## TRY IT
Your copy of the data should match it exactly, except that the pictures are gone.

Start of Block

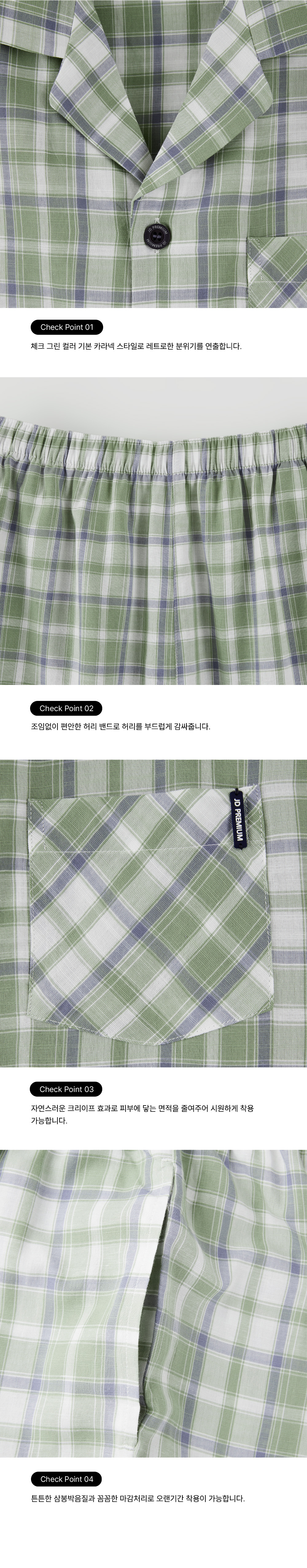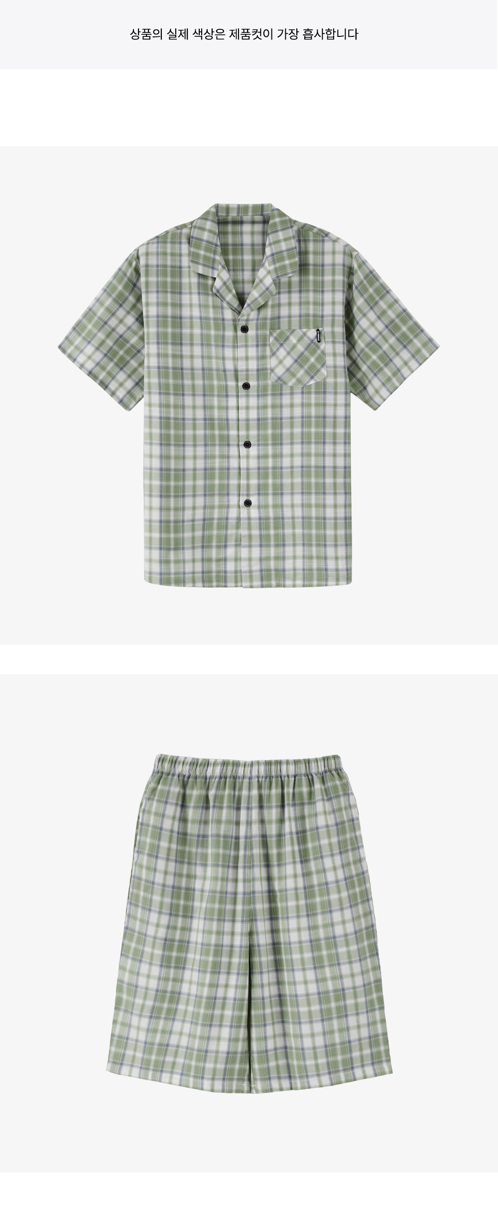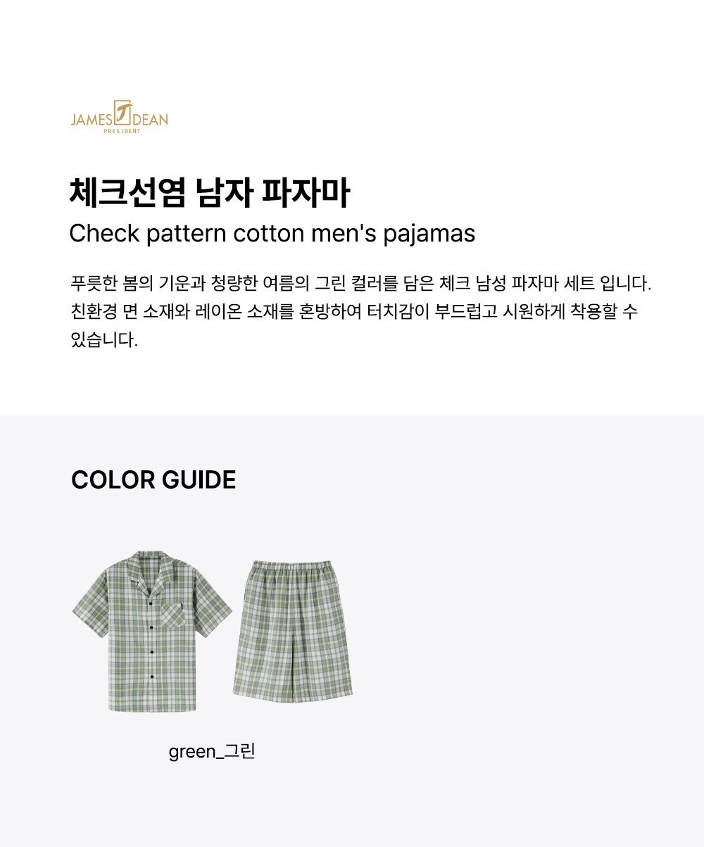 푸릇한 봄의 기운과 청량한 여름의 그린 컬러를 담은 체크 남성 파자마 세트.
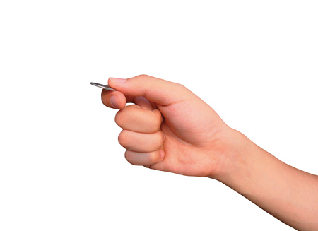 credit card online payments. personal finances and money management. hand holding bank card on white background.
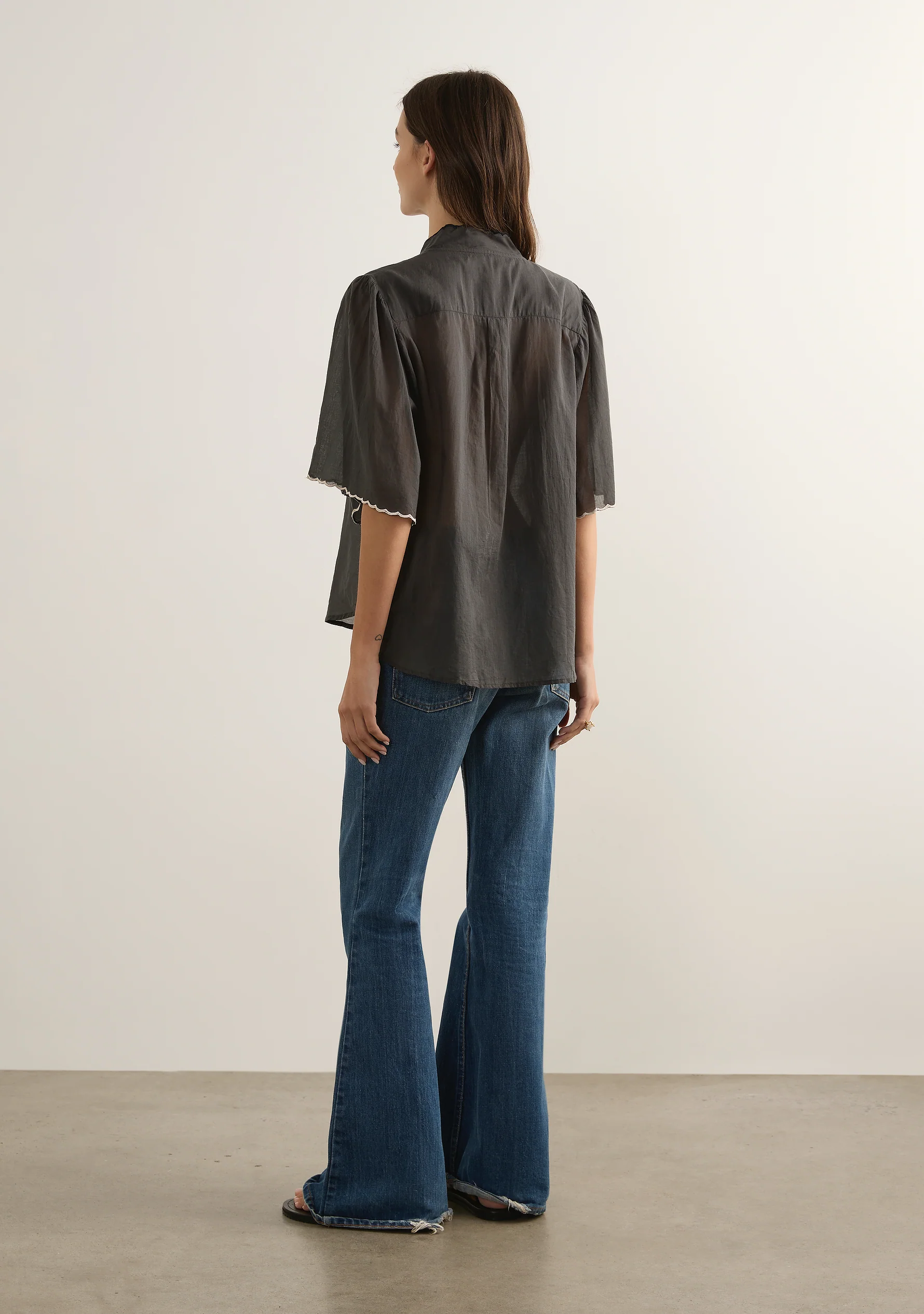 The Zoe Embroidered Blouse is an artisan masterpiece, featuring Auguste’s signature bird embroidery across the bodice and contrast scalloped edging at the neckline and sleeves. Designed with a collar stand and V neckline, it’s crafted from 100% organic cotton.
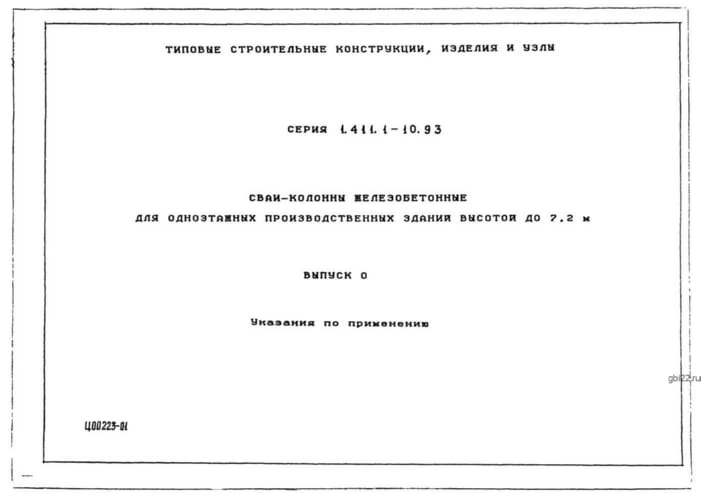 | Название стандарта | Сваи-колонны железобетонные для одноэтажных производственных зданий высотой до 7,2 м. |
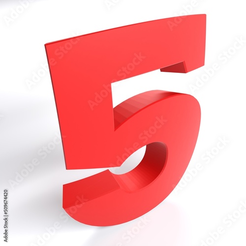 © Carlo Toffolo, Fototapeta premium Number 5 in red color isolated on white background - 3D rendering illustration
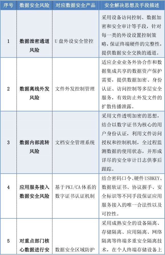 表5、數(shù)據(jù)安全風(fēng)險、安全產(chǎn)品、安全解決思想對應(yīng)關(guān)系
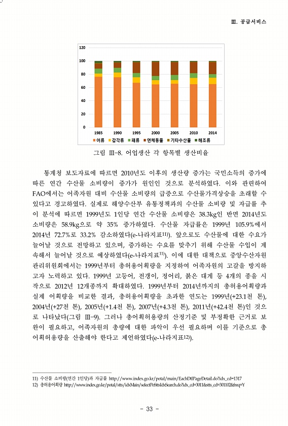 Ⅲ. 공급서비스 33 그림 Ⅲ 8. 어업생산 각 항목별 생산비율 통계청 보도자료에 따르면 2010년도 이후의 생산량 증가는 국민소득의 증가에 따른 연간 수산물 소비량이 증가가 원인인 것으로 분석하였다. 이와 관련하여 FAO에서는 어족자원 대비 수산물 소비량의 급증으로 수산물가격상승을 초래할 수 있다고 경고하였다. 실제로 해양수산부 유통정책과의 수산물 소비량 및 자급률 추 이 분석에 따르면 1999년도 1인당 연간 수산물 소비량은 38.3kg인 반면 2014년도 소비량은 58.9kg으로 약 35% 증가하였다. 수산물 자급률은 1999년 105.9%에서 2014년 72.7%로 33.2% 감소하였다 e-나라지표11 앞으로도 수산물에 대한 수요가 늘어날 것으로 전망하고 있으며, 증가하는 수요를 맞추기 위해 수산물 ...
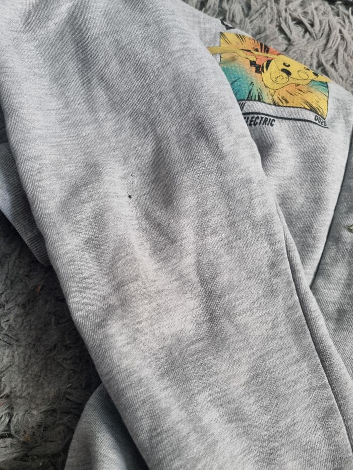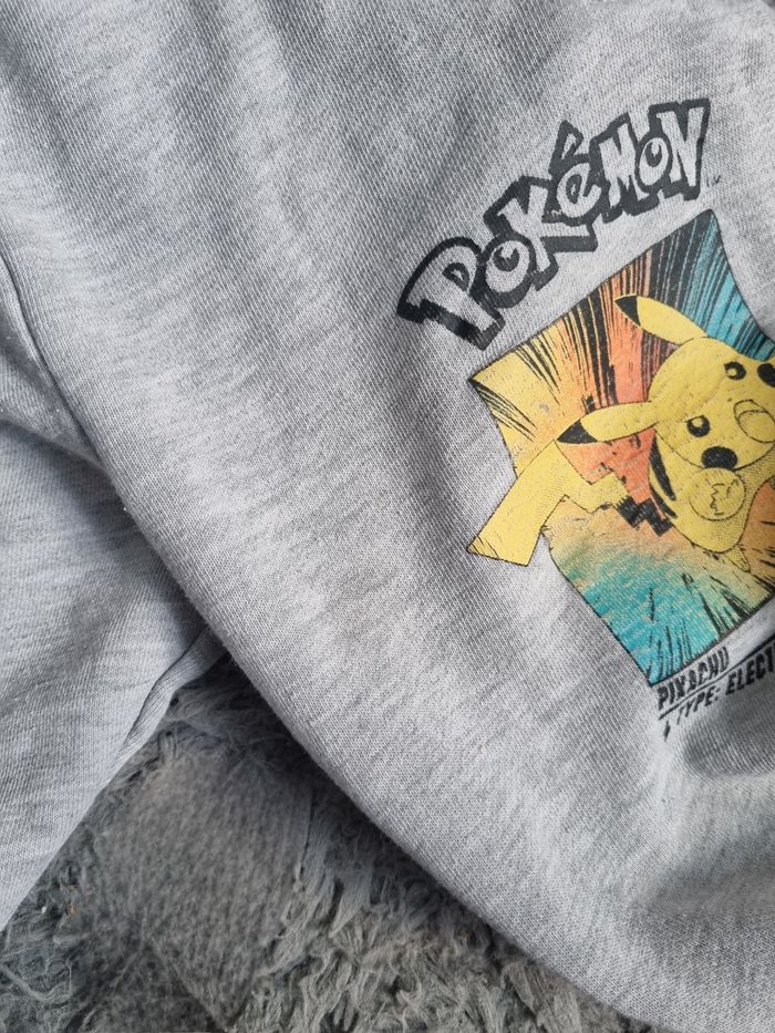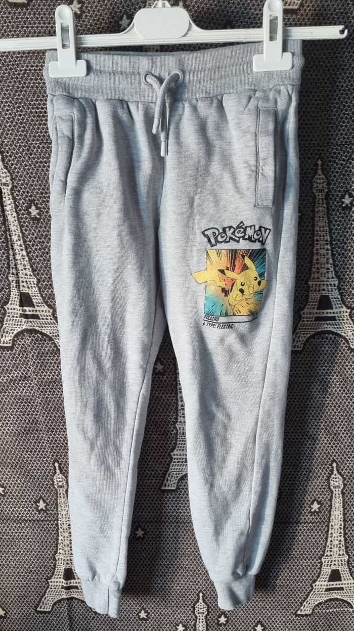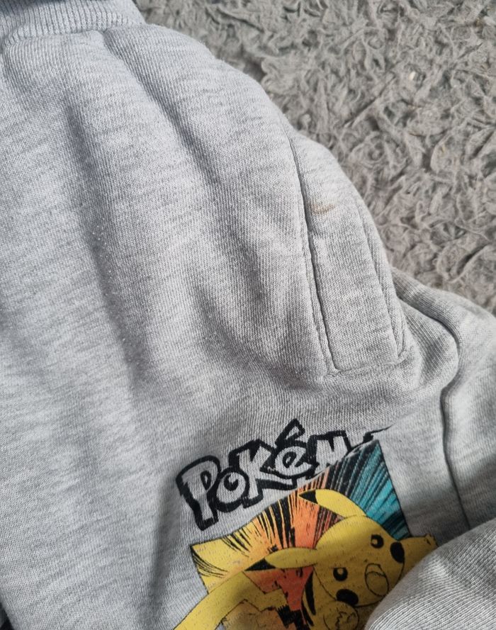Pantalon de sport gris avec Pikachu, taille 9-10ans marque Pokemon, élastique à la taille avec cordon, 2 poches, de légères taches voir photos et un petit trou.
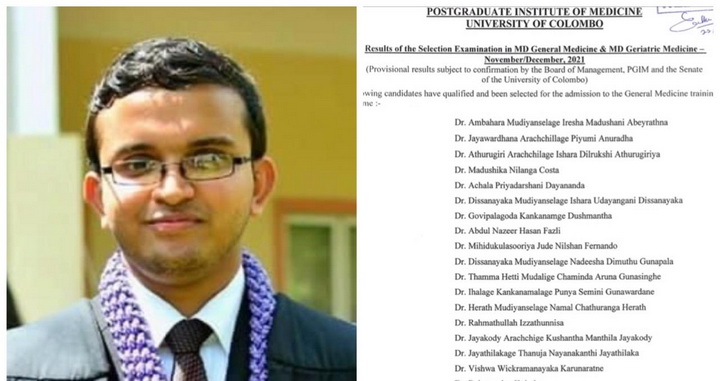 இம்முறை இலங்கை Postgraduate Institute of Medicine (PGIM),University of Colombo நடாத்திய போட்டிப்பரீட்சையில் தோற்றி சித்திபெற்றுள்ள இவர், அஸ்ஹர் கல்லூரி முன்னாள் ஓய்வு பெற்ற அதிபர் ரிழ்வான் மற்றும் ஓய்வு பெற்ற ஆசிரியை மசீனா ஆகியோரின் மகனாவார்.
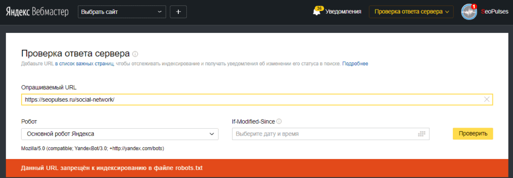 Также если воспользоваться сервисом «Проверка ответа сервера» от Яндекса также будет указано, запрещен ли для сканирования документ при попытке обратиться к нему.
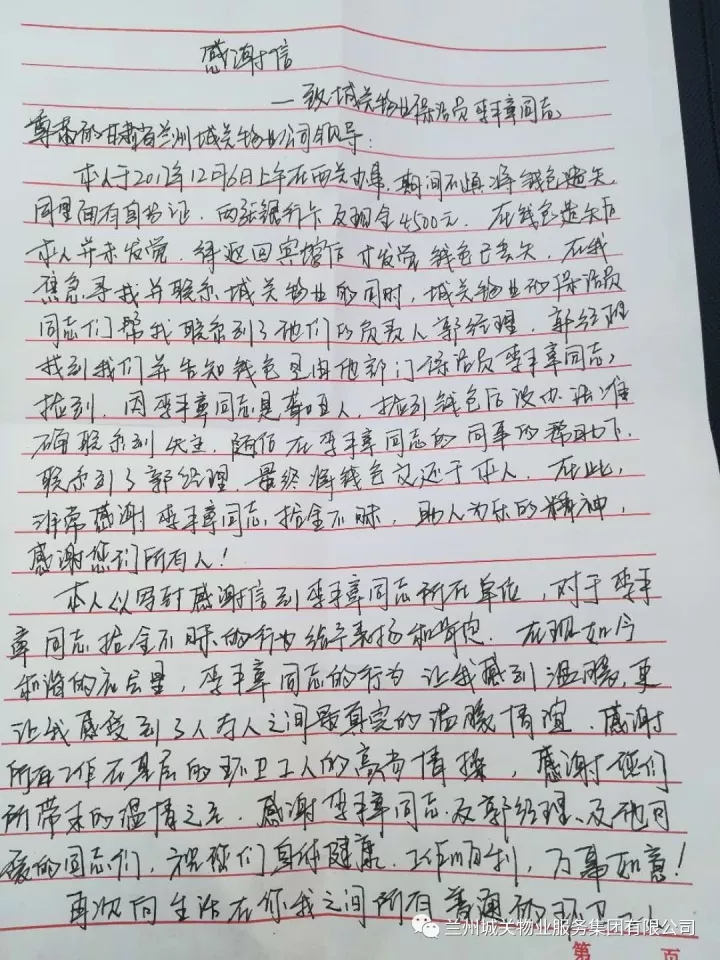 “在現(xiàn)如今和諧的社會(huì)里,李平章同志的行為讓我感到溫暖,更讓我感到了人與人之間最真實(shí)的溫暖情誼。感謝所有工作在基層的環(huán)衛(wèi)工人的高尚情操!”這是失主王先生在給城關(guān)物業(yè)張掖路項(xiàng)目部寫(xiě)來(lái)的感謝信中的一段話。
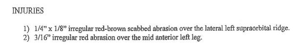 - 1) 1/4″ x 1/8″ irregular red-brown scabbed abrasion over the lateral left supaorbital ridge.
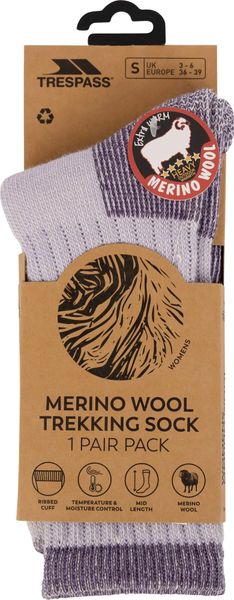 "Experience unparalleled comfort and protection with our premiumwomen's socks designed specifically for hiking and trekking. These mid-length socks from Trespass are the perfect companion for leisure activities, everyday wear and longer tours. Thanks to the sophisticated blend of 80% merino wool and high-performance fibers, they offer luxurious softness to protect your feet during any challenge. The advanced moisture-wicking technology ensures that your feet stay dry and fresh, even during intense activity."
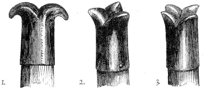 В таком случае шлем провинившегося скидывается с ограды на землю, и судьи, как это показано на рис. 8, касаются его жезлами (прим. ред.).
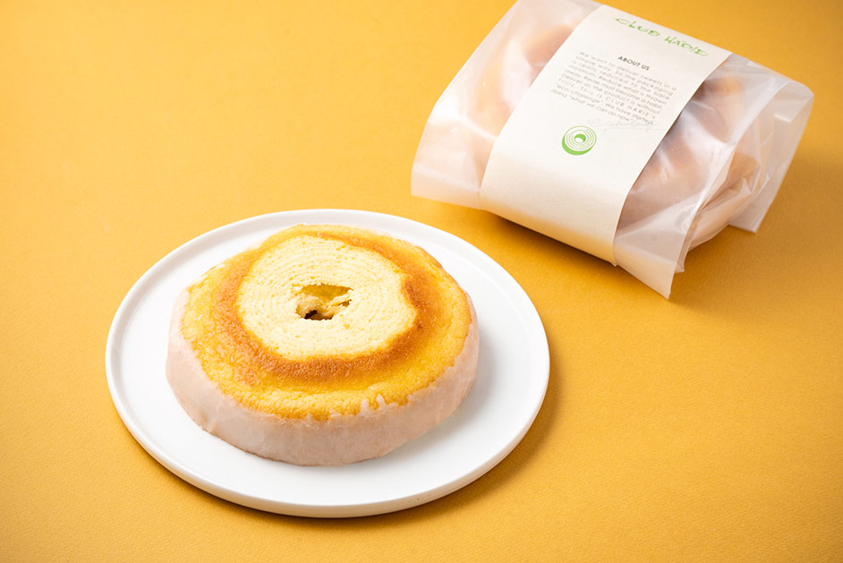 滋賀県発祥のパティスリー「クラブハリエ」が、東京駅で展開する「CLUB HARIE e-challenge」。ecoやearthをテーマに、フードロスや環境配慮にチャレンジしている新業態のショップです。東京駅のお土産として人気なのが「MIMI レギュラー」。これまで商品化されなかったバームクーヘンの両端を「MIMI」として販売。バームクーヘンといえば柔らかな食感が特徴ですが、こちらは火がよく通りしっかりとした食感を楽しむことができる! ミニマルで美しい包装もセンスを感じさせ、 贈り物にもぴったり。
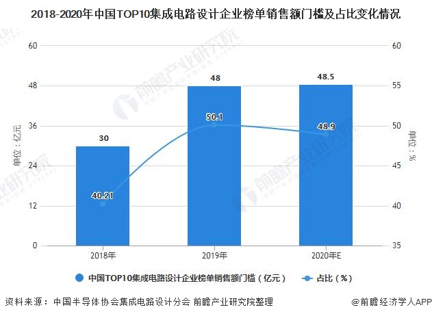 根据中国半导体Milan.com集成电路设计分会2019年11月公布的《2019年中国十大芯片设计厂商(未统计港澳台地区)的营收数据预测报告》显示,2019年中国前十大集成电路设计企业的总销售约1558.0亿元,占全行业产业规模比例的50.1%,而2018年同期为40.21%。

End of Block

## RESPONSE TO THIS TASK
 푸릇한 봄의 기운과 청량한 여름의 그린 컬러를 담은 체크 남성 파자마 세트.
 credit card online payments. personal finances and money management. hand holding bank card on white background.
 The Zoe Embroidered Blouse is an artisan masterpiece, featuring Auguste’s signature bird embroidery across the bodice and contrast scalloped edging at the neckline and sleeves. Designed with a collar stand and V neckline, it’s crafted from 100% organic cotton.
 | Название стандарта | Сваи-колонны железобетонные для одноэтажных производственных зданий высотой до 7,2 м. |
 © Carlo Toffolo, Fototapeta premium Number 5 in red color isolated on white background - 3D rendering illustration
 表5、數(shù)據(jù)安全風(fēng)險、安全產(chǎn)品、安全解決思想對應(yīng)關(guān)系
 Ⅲ. 공급서비스 33 그림 Ⅲ 8. 어업생산 각 항목별 생산비율 통계청 보도자료에 따르면 2010년도 이후의 생산량 증가는 국민소득의 증가에 따른 연간 수산물 소비량이 증가가 원인인 것으로 분석하였다. 이와 관련하여 FAO에서는 어족자원 대비 수산물 소비량의 급증으로 수산물가격상승을 초래할 수 있다고 경고하였다. 실제로 해양수산부 유통정책과의 수산물 소비량 및 자급률 추 이 분석에 따르면 1999년도 1인당 연간 수산물 소비량은 38.3kg인 반면 2014년도 소비량은 58.9kg으로 약 35% 증가하였다. 수산물 자급률은 1999년 105.9%에서 2014년 72.7%로 33.2% 감소하였다 e-나라지표11 앞으로도 수산물에 대한 수요가 늘어날 것으로 전망하고 있으며, 증가하는 수요를 맞추기 위해 수산물 ...
Pantalon de sport gris avec Pikachu, taille 9-10ans marque Pokemon, élastique à la taille avec cordon, 2 poches, de légères taches voir photos et un petit trou.
 இம்முறை இலங்கை Postgraduate Institute of Medicine (PGIM),University of Colombo நடாத்திய போட்டிப்பரீட்சையில் தோற்றி சித்திபெற்றுள்ள இவர், அஸ்ஹர் கல்லூரி முன்னாள் ஓய்வு பெற்ற அதிபர் ரிழ்வான் மற்றும் ஓய்வு பெற்ற ஆசிரியை மசீனா ஆகியோரின் மகனாவார்.
 Также если воспользоваться сервисом «Проверка ответа сервера» от Яндекса также будет указано, запрещен ли для сканирования документ при попытке обратиться к нему.
 “在現(xiàn)如今和諧的社會(huì)里,李平章同志的行為讓我感到溫暖,更讓我感到了人與人之間最真實(shí)的溫暖情誼。感謝所有工作在基層的環(huán)衛(wèi)工人的高尚情操!”這是失主王先生在給城關(guān)物業(yè)張掖路項(xiàng)目部寫(xiě)來(lái)的感謝信中的一段話。
 - 1) 1/4″ x 1/8″ irregular red-brown scabbed abrasion over the lateral left supaorbital ridge.
 "Experience unparalleled comfort and protection with our premiumwomen's socks designed specifically for hiking and trekking. These mid-length socks from Trespass are the perfect companion for leisure activities, everyday wear and longer tours. Thanks to the sophisticated blend of 80% merino wool and high-performance fibers, they offer luxurious softness to protect your feet during any challenge. The advanced moisture-wicking technology ensures that your feet stay dry and fresh, even during intense activity."
 В таком случае шлем провинившегося скидывается с ограды на землю, и судьи, как это показано на рис. 8, касаются его жезлами (прим. ред.).
 滋賀県発祥のパティスリー「クラブハリエ」が、東京駅で展開する「CLUB HARIE e-challenge」。ecoやearthをテーマに、フードロスや環境配慮にチャレンジしている新業態のショップです。東京駅のお土産として人気なのが「MIMI レギュラー」。これまで商品化されなかったバームクーヘンの両端を「MIMI」として販売。バームクーヘンといえば柔らかな食感が特徴ですが、こちらは火がよく通りしっかりとした食感を楽しむことができる! ミニマルで美しい包装もセンスを感じさせ、 贈り物にもぴったり。
 根据中国半导体Milan.com集成电路设计分会2019年11月公布的《2019年中国十大芯片设计厂商(未统计港澳台地区)的营收数据预测报告》显示,2019年中国前十大集成电路设计企业的总销售约1558.0亿元,占全行业产业规模比例的50.1%,而2018年同期为40.21%。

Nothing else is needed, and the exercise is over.